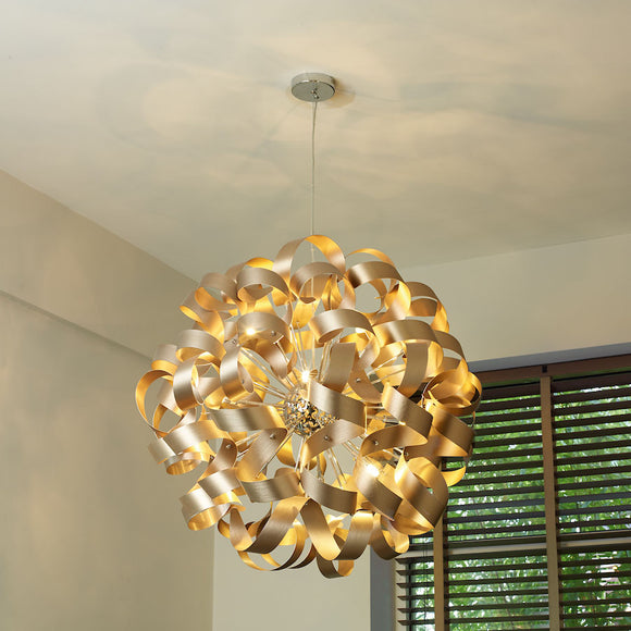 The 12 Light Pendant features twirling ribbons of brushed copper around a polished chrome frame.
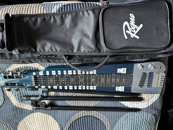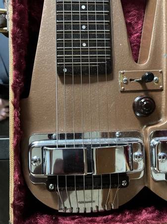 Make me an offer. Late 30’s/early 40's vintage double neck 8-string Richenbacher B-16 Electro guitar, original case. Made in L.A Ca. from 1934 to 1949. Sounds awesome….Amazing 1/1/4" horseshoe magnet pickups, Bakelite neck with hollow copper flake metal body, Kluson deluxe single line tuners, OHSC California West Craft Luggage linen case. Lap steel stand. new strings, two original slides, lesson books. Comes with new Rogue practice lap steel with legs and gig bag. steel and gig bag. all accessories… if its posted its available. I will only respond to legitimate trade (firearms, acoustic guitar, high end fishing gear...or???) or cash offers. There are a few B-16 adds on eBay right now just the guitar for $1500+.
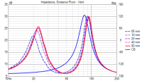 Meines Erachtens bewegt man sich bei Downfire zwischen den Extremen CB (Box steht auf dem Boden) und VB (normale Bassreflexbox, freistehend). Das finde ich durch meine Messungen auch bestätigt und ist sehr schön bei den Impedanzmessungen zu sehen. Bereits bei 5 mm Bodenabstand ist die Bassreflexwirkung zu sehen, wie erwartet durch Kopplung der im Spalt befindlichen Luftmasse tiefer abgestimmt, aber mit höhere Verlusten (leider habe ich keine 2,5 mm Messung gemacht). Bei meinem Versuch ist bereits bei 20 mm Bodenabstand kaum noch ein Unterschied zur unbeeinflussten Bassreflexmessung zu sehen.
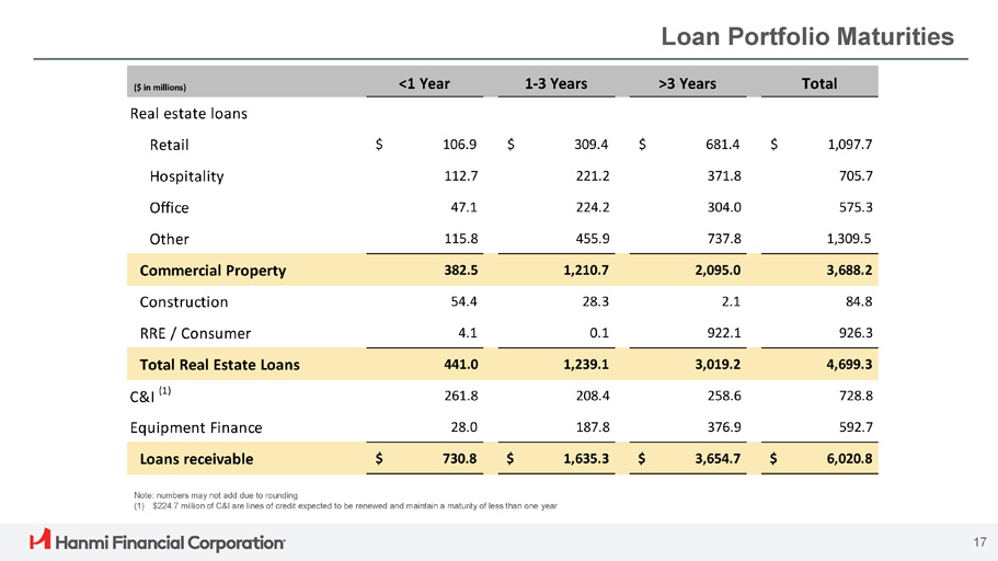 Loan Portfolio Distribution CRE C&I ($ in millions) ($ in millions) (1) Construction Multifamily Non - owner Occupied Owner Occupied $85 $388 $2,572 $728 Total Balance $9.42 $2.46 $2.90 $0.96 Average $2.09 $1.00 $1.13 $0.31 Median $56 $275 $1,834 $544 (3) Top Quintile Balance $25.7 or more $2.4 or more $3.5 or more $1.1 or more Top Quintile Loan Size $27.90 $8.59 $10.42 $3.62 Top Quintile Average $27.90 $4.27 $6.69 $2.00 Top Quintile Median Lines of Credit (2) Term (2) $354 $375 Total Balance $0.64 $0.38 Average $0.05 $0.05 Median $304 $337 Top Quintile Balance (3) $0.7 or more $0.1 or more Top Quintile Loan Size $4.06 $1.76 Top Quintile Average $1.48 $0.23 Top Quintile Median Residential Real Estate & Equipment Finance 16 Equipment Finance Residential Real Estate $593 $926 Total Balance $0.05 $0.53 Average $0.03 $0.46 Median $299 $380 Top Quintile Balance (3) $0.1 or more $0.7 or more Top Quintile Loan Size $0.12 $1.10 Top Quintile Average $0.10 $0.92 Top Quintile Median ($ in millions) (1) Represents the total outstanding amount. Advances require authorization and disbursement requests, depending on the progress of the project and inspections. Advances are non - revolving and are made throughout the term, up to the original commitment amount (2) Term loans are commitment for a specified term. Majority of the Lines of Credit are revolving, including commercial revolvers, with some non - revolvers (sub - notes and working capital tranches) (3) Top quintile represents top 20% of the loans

::::::

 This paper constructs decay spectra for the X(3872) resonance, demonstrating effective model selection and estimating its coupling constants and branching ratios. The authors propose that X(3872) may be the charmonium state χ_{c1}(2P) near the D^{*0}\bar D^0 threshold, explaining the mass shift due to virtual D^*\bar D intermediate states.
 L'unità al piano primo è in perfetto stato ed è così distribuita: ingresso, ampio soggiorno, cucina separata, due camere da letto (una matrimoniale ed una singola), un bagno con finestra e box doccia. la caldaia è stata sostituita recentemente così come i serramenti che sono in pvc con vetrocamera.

::::::

In the entries above, the lines from the one bearing "This paper constructs" up to and including the one bearing "L'unità al piano" should be transcribed exactly; no other line is wanted.

**REPLY TO THE EXERCISE:**
 This paper constructs decay spectra for the X(3872) resonance, demonstrating effective model selection and estimating its coupling constants and branching ratios. The authors propose that X(3872) may be the charmonium state χ_{c1}(2P) near the D^{*0}\bar D^0 threshold, explaining the mass shift due to virtual D^*\bar D intermediate states.
 L'unità al piano primo è in perfetto stato ed è così distribuita: ingresso, ampio soggiorno, cucina separata, due camere da letto (una matrimoniale ed una singola), un bagno con finestra e box doccia. la caldaia è stata sostituita recentemente così come i serramenti che sono in pvc con vetrocamera.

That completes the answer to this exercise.